Key detail: shift by 1 before the expanding mean. This is what prevents the feature from "seeing the future" — on game n, the prior is computed from games 1 through n-1, never including the current game.

This is the single most common bug in sports prediction models. If you skip the shift, your training ECE looks amazing and your production ECE is garbage.

Step 4: Train the XGBoost Win Probability Model

The input features for a pre-game prediction:

Training:

from xgboost import XGBClassifier
from sklearn.model_selection import train_test_split

FEATURES = [
    "score_diff", "seconds_remaining", "period", "time_fraction",
    "elo_diff", "is_home", "pregame_wp",
    "score_diff_x_tf", "score_diff_sq",
    "total_score", "score_diff_x_elo",
    "pace_diff", "ortg_diff", "drtg_diff",
]

X = training_df[FEATURES].values
y = training_df["home_won_final"].values

X_train, X_cal, y_train, y_cal = train_test_split(
    X, y, test_size=0.3, shuffle=False  # chronological split
)

model = XGBClassifier(
    max_depth=5,
    learning_rate=0.05,
    n_estimators=500,
    objective="binary:logistic",
    eval_metric="logloss",
    use_label_encoder=False,
)
model.fit(X_train, y_train, eval_set=[(X_cal, y_cal)], verbose=False)

Use a chronological split (shuffle=False), not random. Random splits inflate accuracy because the model sees future games during training.

Step 5: Calibrate With Isotonic Regression

XGBoost's predict_proba output is often miscalibrated — especially for extreme probabilities. A model that says "95%" might actually be right only 87% of the time in that bucket.

Isotonic regression fixes this by learning a monotone mapping from raw XGBoost probabilities to empirical frequencies:

from sklearn.isotonic import IsotonicRegression

raw_probs_cal = model.predict_proba(X_cal)[:, 1]
iso = IsotonicRegression(out_of_bounds="clip")
iso.fit(raw_probs_cal, y_cal)

def calibrated_predict(X):
    raw = model.predict_proba(X)[:, 1]
    return iso.transform(raw)

Always calibrate on a held-out slice (the X_cal set above) — never on the training data. Calibrating on training data will make your probabilities perfect on training and useless in production.

Step 6: Measure Expected Calibration Error (ECE)

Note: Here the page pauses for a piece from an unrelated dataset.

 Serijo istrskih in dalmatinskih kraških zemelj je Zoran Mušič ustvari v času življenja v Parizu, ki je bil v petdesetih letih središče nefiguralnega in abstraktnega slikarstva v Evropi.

The single most important number for a probabilistic prediction model. ECE is the weighted average gap between predicted probability and empirical frequency, across probability buckets:

import numpy as np

def expected_calibration_error(y_pred: np.ndarray, y_true: np.ndarray, n_bins: int = 10) -> float:
    """Standard ECE with equal-width probability buckets."""
    bins = np.linspace(0.0, 1.0, n_bins + 1)
    ece = 0.0
    for i in range(n_bins):
        mask = (y_pred >= bins[i]) & (y_pred < bins[i+1])
        if i == n_bins - 1:
            mask = (y_pred >= bins[i]) & (y_pred <= bins[i+1])
        if mask.sum() == 0:
            continue
        gap = abs(y_pred[mask].mean() - y_true[mask].mean())
        weight = mask.sum() / len(y_pred)
        ece += gap * weight
    return ece

test_probs = calibrated_predict(X_test)
ece = expected_calibration_error(test_probs, y_test, n_bins=10)
print(f"ECE: {ece:.4f}")

What's good? For NCAAMB, we target ECE below 3%. Anything above 5% means your probabilities are systematically miscalibrated and you shouldn't trust them for position sizing.

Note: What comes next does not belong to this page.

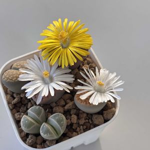 リトープスにハマってしまい、気付けばこんなに! 摩利玉、黄巴里玉、素敵な焼き物の鉢に植えられた小さなリトープスミックスは昨日の茅ヶ崎ボタニカルショーで購入したもの。 早速お花を見せてくれて幸せ🥰 ボタニカルショー楽しかった!
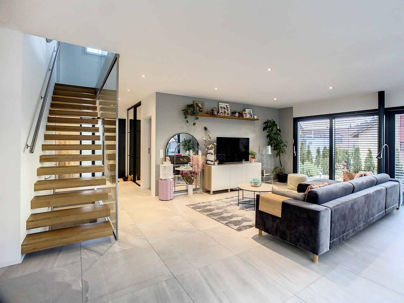 Diese 2020 erbaute 6,5 Zimmer-Doppelhaushälfte bietet Ihnen ein ideales Wohnumfeld auf den Höhen von Neuenburg. Es vereint Modernität und Komfort mit zeitgenössischer Architektur, die perfekt in die natürliche Umgebung integriert ist.

Step 7: Backtest on a Past Tournament

Here's the payoff. Pick a past tournament, freeze the ELO state at the regular-season cutoff, and run the model on every tournament game.

def backtest_tournament(tournament_games: pd.DataFrame, model, iso, elo: dict, priors: pd.DataFrame):
    """Run calibrated predictions on every tournament game with PRE-tournament ELO."""
    preds = []
    for _, g in tournament_games.iterrows():
        he = elo.get(g["home_team"], 1500.0)
        ae = elo.get(g["away_team"], 1500.0)
        elo_diff = he - ae  # neutral-site — no HFA
        pregame_wp = 1.0 / (1.0 + 10 ** (-elo_diff / 400.0))
        hp = priors.loc[g["home_team"]]; ap = priors.loc[g["away_team"]]

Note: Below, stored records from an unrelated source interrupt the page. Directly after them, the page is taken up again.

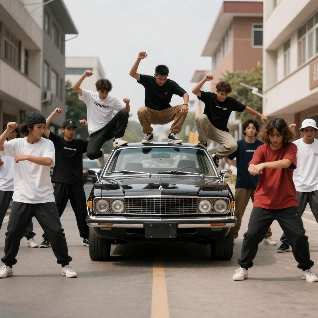 Photograph of two people dancing outdoors. The person in front has long brown hair, wears sunglasses, a beige shirt, plaid shorts, red socks, and black sneakers, striking a dynamic pose with arms raised. The person behind has curly hair, wears a white shirt and purple pants, smiling and dancing. Background includes blurred greenery and people.
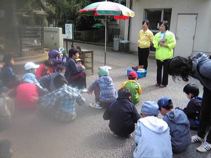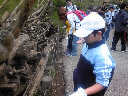 りす園に到着しました。掌にひまわりの種をのせると、勢いよくリスが食べにきました。
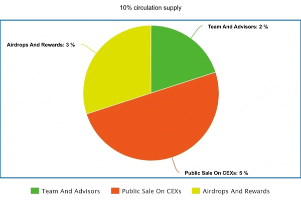 Initial circulation accounts for 10% of the total supply, providing liquidity and availability for early adopters and ecosystem participants.

        features = np.array([[
            0.0, 2400.0, 1, 1.0,
            elo_diff, 1, pregame_wp,
            0.0, 0.0, 0.0, 0.0,
            hp["prior_pace"] - ap["prior_pace"],
            hp["prior_ortg"] - ap["prior_ortg"],
            hp["prior_drtg"] - ap["prior_drtg"],
        ]])
        raw = model.predict_proba(features)[:, 1]
        cal = iso.transform(raw)[0]
        preds.append({**g.to_dict(), "model_wp": cal, "pred": int(cal >= 0.5)})
    return pd.DataFrame(preds)

Evaluate accuracy, Brier score, and ECE on the tournament predictions. A well-calibrated model should hit 65-72% overall accuracy on a modern NCAA tournament, with tournament ECE in the single digits on a reasonable sample size.

What we got: When we ran this exact pipeline on the 2026 bracket (67 games), our model hit 48/67 = 71.6% — including 100% on the Final Four and National Championship. Full per-round breakdown and every wrong pick is in the public retrospective.

Common Mistakes That Kill a March Madness Model

Not excluding tournament games from ELO training

If your ELO updates include the tournament games you're trying to predict, you've leaked the future. Every tournament game must be run with ELO frozen at the regular-season cutoff.

Applying home-court advantage to neutral-site games

Regular-season models bake in a ~70-point ELO HFA. Tournament games are at neutral sites. If you don't strip HFA from your pre-game features for tournament predictions, your home team will be overweighted. This systematically biases your picks toward higher seeds.

Calibrating on training data

Fit your isotonic regressor on a held-out calibration set, not the training set. If you don't split cleanly, your training ECE will look perfect and your production ECE will be terrible.

Not measuring ECE at all

Accuracy alone can hide a miscalibrated model. A 71% accurate model whose "80% confident" picks only win 65% of the time is giving you bad Kelly sizing. ECE is the only honest check.

Ignoring the Sweet 16 compression

Every serious model — KenPom, 538, Torvik, ours — underperforms its overall accuracy in the Sweet 16 because the talent gap compresses. Don't panic-tune your model when it hits 55-65% in that round. Structural variance is not a bug.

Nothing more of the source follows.